По словам Жака Деррида, «психический аппарат человека репрезентируется машиной письма» [16] , то есть Петр Пустота, ведущий дневниковые записки, биографические «я-наррации» в обоих псевдо-реальностях – превращается в бесперебойную машину письма, раздвоенную на метонимические серии событийности, устремленные в пустоту, к регрессии смысла. Финальные сцены обоих сюжетных линий – выписка Петра Пустоты из психбольницы в квази-настоящем и погружение его в радужное ничто УРАЛа (Условной Реки Абсолютной Любви) в квази-прошлом – означают приостановку письма, слияние разновременных серий событийности.
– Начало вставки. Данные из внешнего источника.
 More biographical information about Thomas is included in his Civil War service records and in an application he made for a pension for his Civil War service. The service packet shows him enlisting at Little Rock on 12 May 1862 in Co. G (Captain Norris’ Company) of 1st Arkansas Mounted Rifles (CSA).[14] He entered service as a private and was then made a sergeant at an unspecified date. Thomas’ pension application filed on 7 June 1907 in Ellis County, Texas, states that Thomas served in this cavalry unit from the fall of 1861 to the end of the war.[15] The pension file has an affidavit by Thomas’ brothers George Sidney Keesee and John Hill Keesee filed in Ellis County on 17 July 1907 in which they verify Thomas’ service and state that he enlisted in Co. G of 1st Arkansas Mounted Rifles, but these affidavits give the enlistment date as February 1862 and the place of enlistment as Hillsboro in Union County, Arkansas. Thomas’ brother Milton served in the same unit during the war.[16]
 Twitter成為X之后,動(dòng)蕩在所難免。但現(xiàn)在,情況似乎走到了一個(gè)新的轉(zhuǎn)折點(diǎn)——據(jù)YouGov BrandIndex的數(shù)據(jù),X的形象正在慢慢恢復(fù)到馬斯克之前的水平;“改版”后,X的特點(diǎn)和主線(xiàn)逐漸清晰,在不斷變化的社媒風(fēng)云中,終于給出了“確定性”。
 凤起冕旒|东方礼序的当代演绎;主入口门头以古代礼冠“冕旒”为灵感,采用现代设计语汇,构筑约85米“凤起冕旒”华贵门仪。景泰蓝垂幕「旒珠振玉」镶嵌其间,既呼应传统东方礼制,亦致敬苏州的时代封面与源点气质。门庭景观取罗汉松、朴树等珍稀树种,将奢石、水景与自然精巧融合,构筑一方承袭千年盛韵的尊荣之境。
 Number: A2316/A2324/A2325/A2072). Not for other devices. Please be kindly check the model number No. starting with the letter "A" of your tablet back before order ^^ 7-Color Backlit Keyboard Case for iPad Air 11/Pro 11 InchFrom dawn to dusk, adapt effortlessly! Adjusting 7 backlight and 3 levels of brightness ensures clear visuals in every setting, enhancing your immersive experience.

В концовке, в неопределенном времени-гибриде, Петр Пустота заявляется в послереволюционное артистическое кабаре «Музыкальная табакерка», превратившееся в притон нуворишей «Иван Бык». Завершается роман выстрелом Пустоты из авторучки – инструмента человека пишущего – выстрелом, который разбивает вдребезги люстру, освещающую подложную «множественность миров», явленных в романе: «Я поднял жербуновскую ручку и выстрелил в люстру. Она лопнула, как елочная игрушка, и под потолком полыхнуло ослепительным электрическим светом... Наконец-то, думал я, ползя к кулисам, наконец-то я попал в люстру. Боже мой, да разве это не то единственное, на что я всегда только и был способен – выстрелить в зеркальный шар этого фальшивого мира из авторучки» [17] .

Петр Пустота, ускользнув за кулисы романа, на броневике Чапаева отправляется в милые его сердцу пески внутренней Монголии – в Пустоту.

 

Эмпирика приключения

На примере героя Пелевина заметно, что (пост)модернистский субъект – сгусток пустоты, материализованной в развертывании метонимических рядов событийности. В дискурсе эти ряды выступают структурами приключений: авантюрность неотвратимо влечет изменения привычной аранжировки времени и пространства, а также телесности персонажей. Недаром роман Пелевина маскируется под детектив или приключенческий комикс, где телесный потенциал героя зависит от отведенной ему роли жертвы или супермена.

Иной предмет этого экскурса, «Палисандрия» Саши Соколова, аккумулирует множество разнородных типов авантюрного роман (заимствуются черты и античного романа испытания, и плутовского романа испанского Золотого века, и авантюрно-психологических французских романов рококо, и современных стилизаций Джона Барта). Роман подобен клубку авантюрных сюжетов, которые разматываются с разной частотой, в разных направлениях, переплетаясь друг с другом и затем разбегаясь восвояси. Главный персонаж, эпоним романа Палисандр Прелестный – также исходное ничто – встроен в многочисленные метонимические ряды событийности, несовместимые в формально-логическом мире. В одном – он гигантский младенец, сирота, ключник Дома Массажа Правительства в Новодевичьем монастыре. В другом – старик-насельник дома терпимости. В третьем – гиперсексуальный извращенец, доставляющий удовольствие исключительно престарелым нянькам и кумушкам, соблазнитель кладбищенских вдов. В четвертом – гермафродито, насилуемое доктором Юнгом и «дамой из Амстердама». В пятом – изгнанник и диверсант, замысливший увнучиться этрусскими предками. В шестом – террорист, покушавшийся на Брежнева, и затем узник равелина. В седьмом – один из труппы странствующих проституток. В восьмом – мультимиллионер, нобелиат, Комендант Кладбищенского Зарубежья в будущей утопической России... И так далее, и тому подобное... Все серии равно реальны и равно абстрагированы от реальности; любопытно, что в каждой из них телесность Палисандра неоднократно подвергается мутации, делаясь телом младенца, телом жеребца, телом женщины, телом насилующим и телом насилуемым, сконцентрированным и распыленным. Телесная статика Палисандру недоступна, и параметры его плоти улавливаются только в текучести деформации, никогда не застывая в неподвижности.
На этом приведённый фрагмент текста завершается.